The Switch

I have used Sublime Text 2 for all my local coding during more than three years. I started using Sublime because I wanted a powerful, fast, multi platform code editor.

Around 6 months ago I read about Atom, an open source code editor developed by Github, and I decided to give it a try, but simply scrolling through a file had a noticeable lag, so I continued with Sublime.

A couple of months ago Sublime became slow in my computer due to a problem in the new version of a package, and I decided to give Atom a new opportunity; this time I stayed with it.

Why Atom?

Atom feels very familiar for a Sublime user, it has the same layout, and almost the same keyboard shortcuts, so switching to it is not extremely traumatic.

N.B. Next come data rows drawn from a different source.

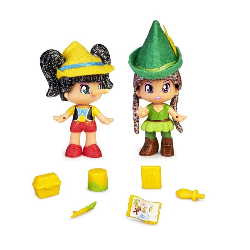 Pack de 2 figuras de cuentos para coleccionar; Pinocho y Peter Pan. Cada figura de Pinypon mide unos 7 cm aproximadamente. Este set incluye además, dos sombreros de tela, pelos intercambiables y pequeños accesorios. Las figuritas de Pinypon estimulan la diversión y la creatividad. +4A.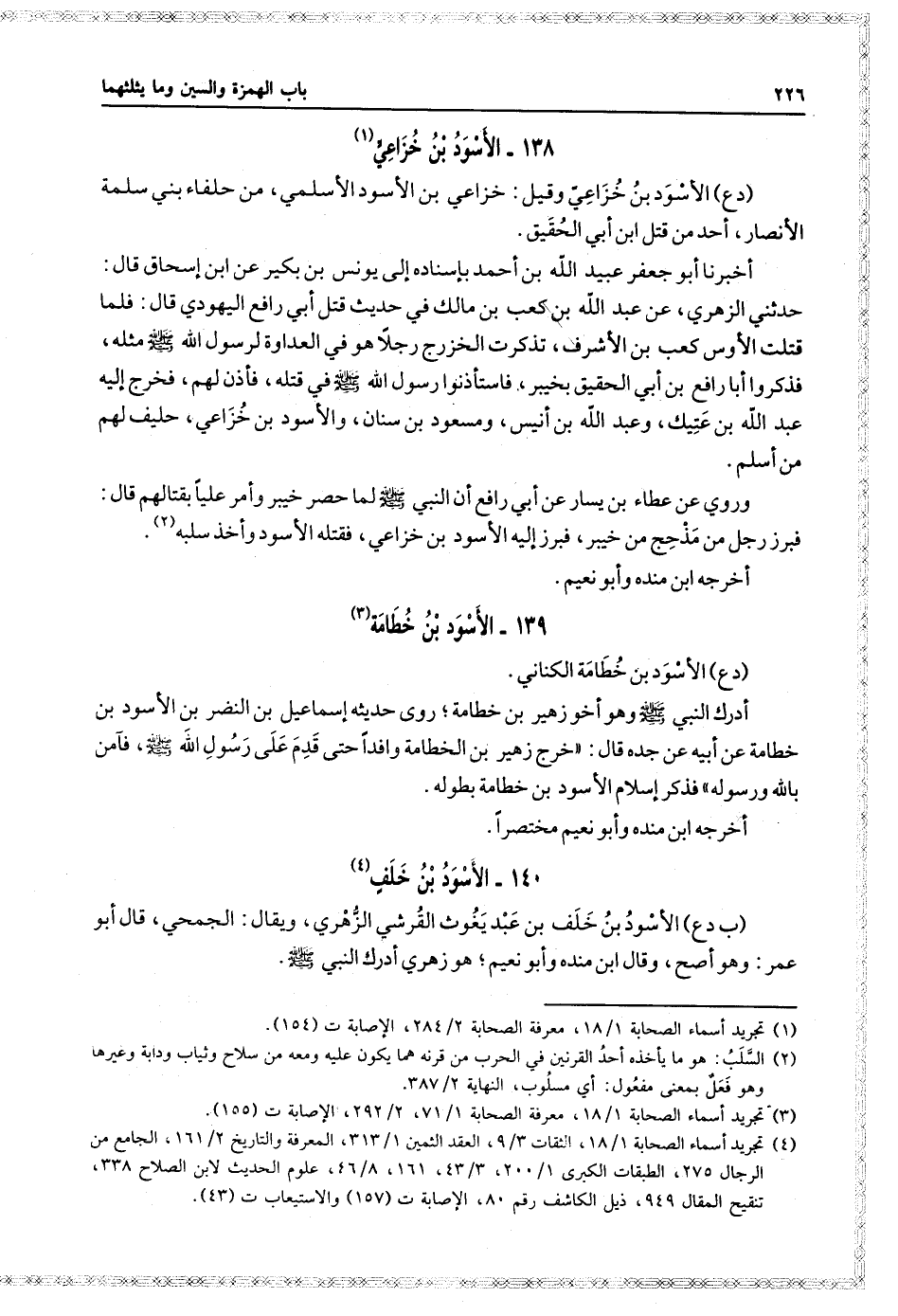 وفيه أيضًا نظر، فإن عبد مناف بْن زهرة ولد وهبًا، وولد وهب عبد يغوث، وولد عبد يغوث الأسود، وكان من المستهزئين ولم يسلم، وَإِنما الأسود الصحابي في زهرة هو الأسود بْن عوف، وسيرد ذكره، وليس في نسبه خلف، ولا عبد يغوث، ولكنهم قد اتفقوا عَلَى نسبه إِلَى خلف، ولعل فيه ما لم نره.
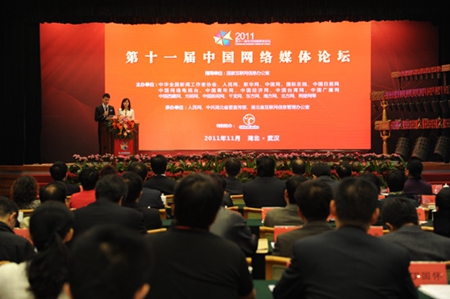 人民网承办的第十一届中国网络媒体论坛在湖北武汉举行,本届论坛以“推动网络媒体新跨越 促进网络文化大繁荣”为主题,来自全国近百家网络媒体的代表、政府官员、相关专家学者近300人参加了论坛,共同探讨推动网络媒体发展、促进网络文化繁荣之道。

The main difference I found at first was the package manager. Unlike Sublime, Atom has an integrated and very functional package manager (apm) that can be used from the terminal or from Atom.

All the features that make Sublime great are also available in Atom, and some extra ones:

  • Fuzzy file finder cmd+P or cmd+T.
  • Command palette cmd+shift+P: Execute any command offered by Atom by typing its name.
  • Split editing: Edit multiple files side by side.
  • File (cmd+F) and project search cmd+shift+F.
  • Git integration.
  • Key binding resolver cmd+.: Best way to learn keyboard shortcuts.
  • And lots more: Project tree view, go to line/symbol, multiple cursors, markdown preview…

Setting up Atom

I use the theme One Dark, both for UI and syntax highlighting. Atom already comes with a bunch of pre installed packages, and I add the following ones:

For Python development:

For Go development:

  • Go plus: A real must, can be configured to run go format on save, automatically add imports with goimports, and presents the output of go vet and golint in the Atom console.

For React.js development:

  • React: React.js (JSX) language support, indentation, snippets, auto completion and reformatting.

The Good and the Bad

I have been using Atom as my main editor for a couple of months and I’m satisfied with it. It has almost all the good things of Sublime and a very active community with constant updates and improvements to both the editor and the packages.

But Atom is much less mature than Sublime and it has some rather basic issues, like Git integration not working properly when opening multiple Git repos in the same window, long start up time or not opening files bigger than 2MB; hopefully all this will be soon solved.